PROBLEM: Your job is to set down the stretch of entries that opens with the line containing "Home >> Ford" and closes with the line containing "Due to the sediment". Keep both end lines, copy each exactly, and add nothing.

━━ DATA PROVIDED ━━

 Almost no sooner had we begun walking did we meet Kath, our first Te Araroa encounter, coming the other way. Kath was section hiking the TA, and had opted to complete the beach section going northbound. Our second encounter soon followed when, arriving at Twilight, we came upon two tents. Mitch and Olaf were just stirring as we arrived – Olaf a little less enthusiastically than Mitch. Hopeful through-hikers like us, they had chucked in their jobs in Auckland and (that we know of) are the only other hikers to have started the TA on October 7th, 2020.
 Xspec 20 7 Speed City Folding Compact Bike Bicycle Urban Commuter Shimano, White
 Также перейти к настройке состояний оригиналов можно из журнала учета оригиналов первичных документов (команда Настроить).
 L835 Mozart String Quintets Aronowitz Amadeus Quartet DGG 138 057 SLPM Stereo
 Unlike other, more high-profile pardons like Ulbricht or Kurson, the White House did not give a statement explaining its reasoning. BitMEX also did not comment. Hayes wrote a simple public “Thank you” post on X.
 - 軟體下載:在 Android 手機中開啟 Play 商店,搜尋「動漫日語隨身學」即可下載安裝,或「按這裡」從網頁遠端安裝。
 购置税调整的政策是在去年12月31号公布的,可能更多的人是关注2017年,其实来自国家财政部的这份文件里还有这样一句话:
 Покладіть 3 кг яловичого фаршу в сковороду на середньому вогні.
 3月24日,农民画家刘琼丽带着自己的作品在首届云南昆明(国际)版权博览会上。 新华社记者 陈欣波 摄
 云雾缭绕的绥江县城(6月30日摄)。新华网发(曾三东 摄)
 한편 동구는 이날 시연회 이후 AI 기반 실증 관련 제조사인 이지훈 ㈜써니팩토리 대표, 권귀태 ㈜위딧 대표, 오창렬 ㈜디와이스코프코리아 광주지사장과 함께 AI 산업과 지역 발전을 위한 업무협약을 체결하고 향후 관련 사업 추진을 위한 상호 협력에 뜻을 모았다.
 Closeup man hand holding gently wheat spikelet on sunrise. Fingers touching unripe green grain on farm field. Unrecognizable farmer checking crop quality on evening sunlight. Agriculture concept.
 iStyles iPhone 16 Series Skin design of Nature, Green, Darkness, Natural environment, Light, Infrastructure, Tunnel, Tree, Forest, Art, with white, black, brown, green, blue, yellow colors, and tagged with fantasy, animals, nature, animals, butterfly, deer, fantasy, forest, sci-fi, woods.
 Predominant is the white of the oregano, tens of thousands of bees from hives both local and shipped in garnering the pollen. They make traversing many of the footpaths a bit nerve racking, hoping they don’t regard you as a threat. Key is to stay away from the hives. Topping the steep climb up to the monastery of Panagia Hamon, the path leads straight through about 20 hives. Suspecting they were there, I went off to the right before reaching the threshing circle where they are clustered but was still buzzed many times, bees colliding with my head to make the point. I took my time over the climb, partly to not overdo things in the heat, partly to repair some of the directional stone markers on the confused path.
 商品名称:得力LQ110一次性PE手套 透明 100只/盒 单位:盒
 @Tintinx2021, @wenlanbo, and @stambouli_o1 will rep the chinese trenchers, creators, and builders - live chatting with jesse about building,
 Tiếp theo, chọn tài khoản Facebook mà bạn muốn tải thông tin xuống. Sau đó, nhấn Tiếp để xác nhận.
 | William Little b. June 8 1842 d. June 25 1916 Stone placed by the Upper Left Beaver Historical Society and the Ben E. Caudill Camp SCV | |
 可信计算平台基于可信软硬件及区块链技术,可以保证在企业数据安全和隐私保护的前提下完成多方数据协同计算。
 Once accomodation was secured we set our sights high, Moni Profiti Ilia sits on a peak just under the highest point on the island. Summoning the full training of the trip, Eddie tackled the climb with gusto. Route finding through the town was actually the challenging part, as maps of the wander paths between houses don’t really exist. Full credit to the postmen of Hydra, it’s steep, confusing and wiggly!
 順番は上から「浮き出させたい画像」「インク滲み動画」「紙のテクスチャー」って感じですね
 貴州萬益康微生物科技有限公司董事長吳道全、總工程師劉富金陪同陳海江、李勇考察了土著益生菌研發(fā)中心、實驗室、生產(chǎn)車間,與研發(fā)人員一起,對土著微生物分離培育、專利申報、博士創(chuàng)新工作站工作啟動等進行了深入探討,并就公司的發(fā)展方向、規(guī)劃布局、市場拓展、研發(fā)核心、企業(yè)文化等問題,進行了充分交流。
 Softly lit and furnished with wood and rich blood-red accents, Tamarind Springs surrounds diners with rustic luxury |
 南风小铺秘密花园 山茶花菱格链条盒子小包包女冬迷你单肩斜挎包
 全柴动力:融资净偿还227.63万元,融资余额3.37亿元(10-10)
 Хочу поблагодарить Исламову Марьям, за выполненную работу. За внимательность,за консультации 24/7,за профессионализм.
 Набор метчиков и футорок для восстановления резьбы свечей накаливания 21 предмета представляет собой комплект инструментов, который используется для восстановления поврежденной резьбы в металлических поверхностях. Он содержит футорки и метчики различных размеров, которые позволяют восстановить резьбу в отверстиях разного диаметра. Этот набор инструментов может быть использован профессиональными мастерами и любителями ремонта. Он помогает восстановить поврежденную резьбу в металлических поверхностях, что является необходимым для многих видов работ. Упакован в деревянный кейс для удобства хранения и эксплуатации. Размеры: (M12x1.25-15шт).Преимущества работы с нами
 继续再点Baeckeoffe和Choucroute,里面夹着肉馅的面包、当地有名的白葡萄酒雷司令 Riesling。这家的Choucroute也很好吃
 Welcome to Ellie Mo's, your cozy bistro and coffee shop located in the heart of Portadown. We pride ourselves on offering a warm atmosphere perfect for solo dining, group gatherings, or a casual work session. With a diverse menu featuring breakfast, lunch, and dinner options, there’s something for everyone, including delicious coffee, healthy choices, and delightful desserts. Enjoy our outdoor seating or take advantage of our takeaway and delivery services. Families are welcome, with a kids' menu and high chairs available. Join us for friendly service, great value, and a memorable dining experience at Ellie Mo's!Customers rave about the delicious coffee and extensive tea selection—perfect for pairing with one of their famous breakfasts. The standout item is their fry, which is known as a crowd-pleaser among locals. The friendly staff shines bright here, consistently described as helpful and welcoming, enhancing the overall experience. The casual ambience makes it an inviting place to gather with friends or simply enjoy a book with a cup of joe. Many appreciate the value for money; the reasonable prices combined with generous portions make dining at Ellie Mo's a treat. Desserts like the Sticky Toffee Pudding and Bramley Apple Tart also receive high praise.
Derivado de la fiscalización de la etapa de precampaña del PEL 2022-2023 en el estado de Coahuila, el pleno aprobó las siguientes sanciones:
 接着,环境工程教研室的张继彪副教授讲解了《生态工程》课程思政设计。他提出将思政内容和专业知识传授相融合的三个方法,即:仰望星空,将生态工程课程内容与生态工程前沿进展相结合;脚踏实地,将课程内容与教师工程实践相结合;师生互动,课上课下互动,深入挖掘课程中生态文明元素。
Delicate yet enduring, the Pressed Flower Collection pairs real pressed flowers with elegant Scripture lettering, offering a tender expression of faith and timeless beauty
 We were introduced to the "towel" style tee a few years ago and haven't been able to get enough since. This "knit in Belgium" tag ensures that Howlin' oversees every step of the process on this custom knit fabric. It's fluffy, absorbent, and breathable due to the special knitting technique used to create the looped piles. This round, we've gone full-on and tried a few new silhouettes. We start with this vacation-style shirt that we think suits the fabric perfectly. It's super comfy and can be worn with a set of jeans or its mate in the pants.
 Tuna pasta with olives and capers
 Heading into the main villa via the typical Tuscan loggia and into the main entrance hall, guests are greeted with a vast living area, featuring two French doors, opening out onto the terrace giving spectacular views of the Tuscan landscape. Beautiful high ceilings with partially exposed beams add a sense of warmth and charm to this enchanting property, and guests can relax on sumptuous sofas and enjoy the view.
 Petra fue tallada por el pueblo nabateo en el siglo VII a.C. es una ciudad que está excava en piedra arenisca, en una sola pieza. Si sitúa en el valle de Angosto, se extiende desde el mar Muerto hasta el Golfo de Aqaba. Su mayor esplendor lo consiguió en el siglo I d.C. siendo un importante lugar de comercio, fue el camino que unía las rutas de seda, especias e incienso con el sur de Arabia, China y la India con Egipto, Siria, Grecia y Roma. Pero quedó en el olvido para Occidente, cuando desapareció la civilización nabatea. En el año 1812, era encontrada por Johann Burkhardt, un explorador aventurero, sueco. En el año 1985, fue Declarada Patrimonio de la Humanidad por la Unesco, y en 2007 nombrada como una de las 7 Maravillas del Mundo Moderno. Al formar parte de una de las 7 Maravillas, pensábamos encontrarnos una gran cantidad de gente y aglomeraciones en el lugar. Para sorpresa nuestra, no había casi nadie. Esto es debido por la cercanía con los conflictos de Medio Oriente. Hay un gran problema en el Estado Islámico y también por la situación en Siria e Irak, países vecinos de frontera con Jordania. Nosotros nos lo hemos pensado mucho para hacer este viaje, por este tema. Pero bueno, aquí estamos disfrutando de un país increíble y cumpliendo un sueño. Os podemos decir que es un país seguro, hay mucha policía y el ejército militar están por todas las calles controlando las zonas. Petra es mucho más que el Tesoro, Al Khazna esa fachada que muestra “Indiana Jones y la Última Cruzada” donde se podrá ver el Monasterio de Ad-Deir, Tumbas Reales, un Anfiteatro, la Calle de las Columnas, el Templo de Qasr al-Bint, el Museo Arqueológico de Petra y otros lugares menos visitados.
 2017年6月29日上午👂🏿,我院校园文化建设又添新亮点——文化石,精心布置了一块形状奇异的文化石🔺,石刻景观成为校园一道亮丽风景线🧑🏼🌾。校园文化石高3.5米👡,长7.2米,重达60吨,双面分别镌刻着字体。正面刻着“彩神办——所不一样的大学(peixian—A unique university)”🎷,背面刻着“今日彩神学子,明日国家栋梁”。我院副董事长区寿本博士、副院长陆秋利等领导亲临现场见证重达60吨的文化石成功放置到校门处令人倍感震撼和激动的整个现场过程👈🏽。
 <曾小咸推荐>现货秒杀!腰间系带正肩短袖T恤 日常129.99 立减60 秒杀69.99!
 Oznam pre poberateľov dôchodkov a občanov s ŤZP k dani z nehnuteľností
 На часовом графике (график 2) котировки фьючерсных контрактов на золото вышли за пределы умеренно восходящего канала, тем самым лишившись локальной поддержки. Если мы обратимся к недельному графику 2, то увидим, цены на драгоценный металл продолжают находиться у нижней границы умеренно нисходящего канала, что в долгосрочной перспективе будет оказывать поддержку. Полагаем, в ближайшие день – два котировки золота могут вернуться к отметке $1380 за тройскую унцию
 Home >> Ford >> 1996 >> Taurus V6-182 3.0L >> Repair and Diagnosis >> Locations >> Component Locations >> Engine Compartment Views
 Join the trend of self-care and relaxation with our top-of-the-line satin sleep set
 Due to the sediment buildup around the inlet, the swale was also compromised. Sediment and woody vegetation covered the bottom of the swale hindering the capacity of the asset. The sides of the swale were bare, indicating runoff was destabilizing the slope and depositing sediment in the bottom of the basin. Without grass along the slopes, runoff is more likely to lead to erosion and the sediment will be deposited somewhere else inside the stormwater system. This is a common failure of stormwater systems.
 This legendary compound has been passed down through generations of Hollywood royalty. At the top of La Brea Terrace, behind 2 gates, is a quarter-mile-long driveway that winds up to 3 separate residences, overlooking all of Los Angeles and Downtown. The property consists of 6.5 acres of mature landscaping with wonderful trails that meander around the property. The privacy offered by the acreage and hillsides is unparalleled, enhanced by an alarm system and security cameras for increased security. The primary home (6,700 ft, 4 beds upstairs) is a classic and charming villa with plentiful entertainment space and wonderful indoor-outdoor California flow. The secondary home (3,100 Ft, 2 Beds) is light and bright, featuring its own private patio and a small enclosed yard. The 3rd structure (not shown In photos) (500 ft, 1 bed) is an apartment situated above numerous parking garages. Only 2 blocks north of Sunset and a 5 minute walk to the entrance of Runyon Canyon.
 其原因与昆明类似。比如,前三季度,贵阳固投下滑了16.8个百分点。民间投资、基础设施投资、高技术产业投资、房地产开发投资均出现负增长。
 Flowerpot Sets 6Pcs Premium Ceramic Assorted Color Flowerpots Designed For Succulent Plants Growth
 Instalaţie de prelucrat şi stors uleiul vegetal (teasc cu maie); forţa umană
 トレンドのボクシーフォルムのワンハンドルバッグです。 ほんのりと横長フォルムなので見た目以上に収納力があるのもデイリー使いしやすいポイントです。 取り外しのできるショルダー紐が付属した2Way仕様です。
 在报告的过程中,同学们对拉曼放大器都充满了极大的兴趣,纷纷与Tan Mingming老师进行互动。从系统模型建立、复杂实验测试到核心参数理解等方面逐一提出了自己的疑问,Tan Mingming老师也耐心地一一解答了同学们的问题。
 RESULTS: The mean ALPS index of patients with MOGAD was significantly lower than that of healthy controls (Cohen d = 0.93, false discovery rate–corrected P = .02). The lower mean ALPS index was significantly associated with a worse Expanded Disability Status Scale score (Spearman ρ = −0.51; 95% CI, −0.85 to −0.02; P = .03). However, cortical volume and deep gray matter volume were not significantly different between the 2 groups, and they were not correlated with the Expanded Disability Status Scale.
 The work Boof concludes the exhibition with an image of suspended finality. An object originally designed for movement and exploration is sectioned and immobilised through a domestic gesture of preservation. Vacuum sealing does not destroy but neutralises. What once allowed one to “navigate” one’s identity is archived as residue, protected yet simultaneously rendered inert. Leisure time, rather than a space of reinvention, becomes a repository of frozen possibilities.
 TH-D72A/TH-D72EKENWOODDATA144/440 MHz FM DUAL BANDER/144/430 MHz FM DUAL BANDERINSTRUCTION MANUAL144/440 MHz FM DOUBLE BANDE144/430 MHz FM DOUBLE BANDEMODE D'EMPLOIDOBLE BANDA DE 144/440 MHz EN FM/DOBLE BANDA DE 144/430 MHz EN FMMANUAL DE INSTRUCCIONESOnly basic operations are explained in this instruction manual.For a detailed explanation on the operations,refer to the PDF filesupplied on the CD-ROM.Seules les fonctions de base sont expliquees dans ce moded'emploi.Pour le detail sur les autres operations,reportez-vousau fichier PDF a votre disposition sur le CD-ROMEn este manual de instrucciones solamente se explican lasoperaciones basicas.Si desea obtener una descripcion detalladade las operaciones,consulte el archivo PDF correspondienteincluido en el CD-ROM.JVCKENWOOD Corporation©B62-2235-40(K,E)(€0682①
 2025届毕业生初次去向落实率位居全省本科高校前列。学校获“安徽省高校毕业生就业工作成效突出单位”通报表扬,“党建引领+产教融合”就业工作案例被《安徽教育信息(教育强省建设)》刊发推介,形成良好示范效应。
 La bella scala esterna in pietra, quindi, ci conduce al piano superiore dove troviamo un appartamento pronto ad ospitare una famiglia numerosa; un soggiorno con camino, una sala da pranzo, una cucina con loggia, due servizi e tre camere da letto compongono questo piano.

━━━

YOUR RESPONSE:
 Home >> Ford >> 1996 >> Taurus V6-182 3.0L >> Repair and Diagnosis >> Locations >> Component Locations >> Engine Compartment Views
 Join the trend of self-care and relaxation with our top-of-the-line satin sleep set
 Due to the sediment buildup around the inlet, the swale was also compromised. Sediment and woody vegetation covered the bottom of the swale hindering the capacity of the asset. The sides of the swale were bare, indicating runoff was destabilizing the slope and depositing sediment in the bottom of the basin. Without grass along the slopes, runoff is more likely to lead to erosion and the sediment will be deposited somewhere else inside the stormwater system. This is a common failure of stormwater systems.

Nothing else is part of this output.